Origin of slow stress relaxation in the cytoskeleton

TL;DR

This paper investigates how the interplay of nonlinear stress response and crosslinker dynamics in the cytoskeleton causes slow stress relaxation, resembling glassy behavior, with implications for cell mechanics.

Contribution

It combines rheology experiments and theoretical modeling to reveal the origin of slow stress relaxation in the cytoskeleton due to transient crosslinking and internal stress.

Findings

Slow stress relaxation similar to glass transition dynamics.

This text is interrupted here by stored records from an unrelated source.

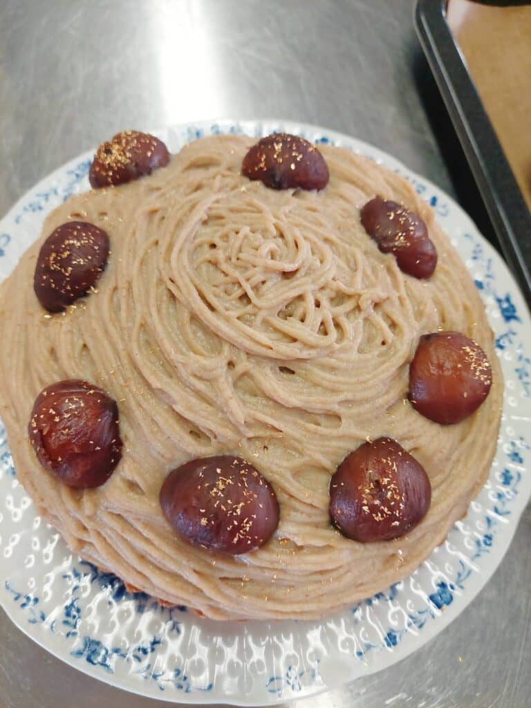 甘栗の殻をむくところから始まり、マロンクリームを一から作りました。最後に濾すことでより滑らかな口当たりになり、口いっぱいに栗の甘い香りが広がりました。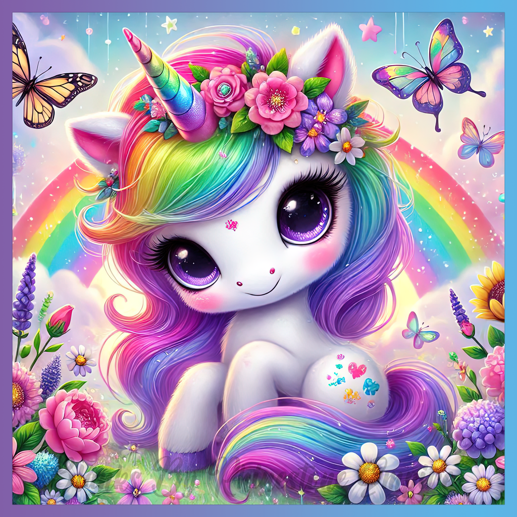 Theme: Unicorn with rainbow, flowers, butterflies, pastel.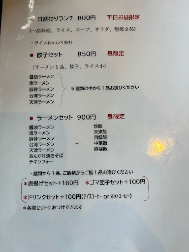 近所なのでよく利用します。 ランチタイムのラーメンセット(麺類と御飯物を5種類の中からチョイス)は土日祝も注文でき大変お得。 あと、注文してからすぐに出てくるのもありがたいです。 混雑時でも5分と待たずに提供されます。 台湾ラーメンは全然辛くないので物足りないです。 但し、激辛台湾ラーメンはマジで危険です。 翌日トイレと友達になるでしょう。 中華飯は結構量が多いのでお腹いっぱいにしたいときはおすすめです。

Nonlinear stiffening and crosslinker dynamics explain cell rheology.

Weak frequency dependence of shear modulus observed.

Abstract

Dynamically crosslinked semiflexible biopolymers such as the actin cytoskeleton govern the mechanical behavior of living cells. Semiflexible biopolymers nonlinearly stiffen in response to mechanical loads, whereas the crosslinker dynamics allow for stress relaxation over time. Here we show, through rheology and theoretical modeling, that the combined nonlinearity in time and stress leads to an unexpectedly slow stress relaxation, similar to the dynamics of disordered systems close to the glass transition. Our work suggests that transient crosslinking combined with internal stress can explain prior reports of soft glassy rheology of cells, in which the shear modulus increases weakly with frequency.